Agora, esqueceram-se já de toda esta conversa e surge a verdade nua e crua: afinal a minha poupança forçada está só a assegurar os reformados de agora, alguns até que nem descontaram nada e ainda estão activos mas vão já recebendo por causa das coisas.
Quando pergunto pela minha reserva, dizem-me que a pirâmide etária se modificou e mais não sei quê, que há menos activos a pagar e, enfim tenho que esperar mais e receber menos !
Quer dizer, afinal o sistema não era mais do que o famigerado “golpe dos postais”, o sistema da D. Branca: Os novos “patos” é que vão sustentando os sistema até ao previsível colapso.
A D. Branca foi presa, fico a aguardar quem vai ser preso quando gorarem de vez as minhas expectativas.

2006-04-28

Eu sou um senhor responsável

O Irão é que não.
Eu tive uma licença de porte de arma de defesa, porque sou responsável.
O Irão é que não.
Eu sou português, portanto pertenço a um país responsável com 900 anos..
O Irão é que não.

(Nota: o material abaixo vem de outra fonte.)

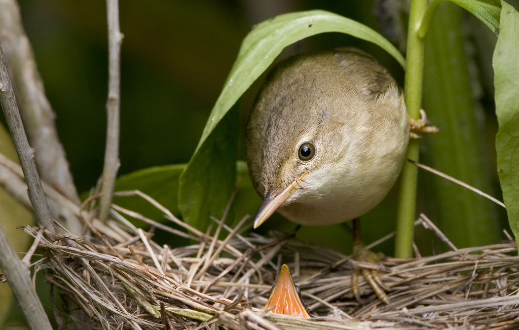 A Marsh Warbler (Acrocephalus palustris) feeding a Cuckoo nestling in its nest
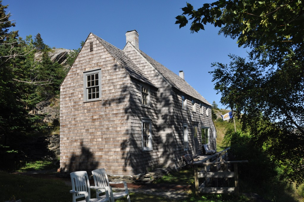 Landfall (Kent Cottage) Registered Heritage Structure, Brigus, Newfoundland.

Parece que já foi um império mas já ninguém se lembra, nem quer saber.
Portugal começa timidamente o caminho para utilizar a energia nuclear, está muito bem, Portugal é um país responsável.
O Irão, não pode, não é responsável, o que ele quer é a bomba, toda a gente sabe.
A bomba é só para países responsáveis.
O Irão não é um país responsável.
A bomba é só para a Europa, Israel, a Índia, enfim, os responsáveis que não a vão utilizar à doida. Era só o que faltava!.
Os EUA, que são os mais responsáveis de todos também podem ter a bomba, porque a não vão utilizar nos países responsáveis, só o fizeram no Japão quando ele não era responsável, agora já não vão deitar bombas no Japão, nem pensar!, agora e só se for preciso, só se deitam bombas no Irão !
E é bem feita, para ver se fica mais responsável.

2006-04-27

Reflexões privadas sobre Chernobil

Foi há 20 anos, a notícia chegou-me como as de todas as grandes catástrofes, tocou-me a razão e um pouco também o coração mas à distância, vivido na segurança de quem está longe, ainda que alguns profetas da desgraça não se cansassem de nos dizer que nem sequer aqui estávamos seguros.
Foi só há 2 anos na Polónia que senti Chernobil. Aí estava ainda na memória de todos: medos reais, restrições reais, 18 anos depois ainda estava bem presente o seu fantasma.
Mas foi aí também que senti outra catástrofe, a segunda guerra mundial, por todo o lado ainda, em muitos edifícios, em muitos rostos, sempre tão presente fazendo-me ganhar a consciência da fragilidade da Europa e, por outro lado, a da nossa singularidade.
Não sei se é Nossa Senhora de Fátima que nos protege, como se disse quando mudou o vento que fez devolver à Galiza o derrame do “Prestige” que os espanhóis tanto quiseram empurrar para nós, mas que temos sido um “ditoso reino” já não tenho qualquer dúvida.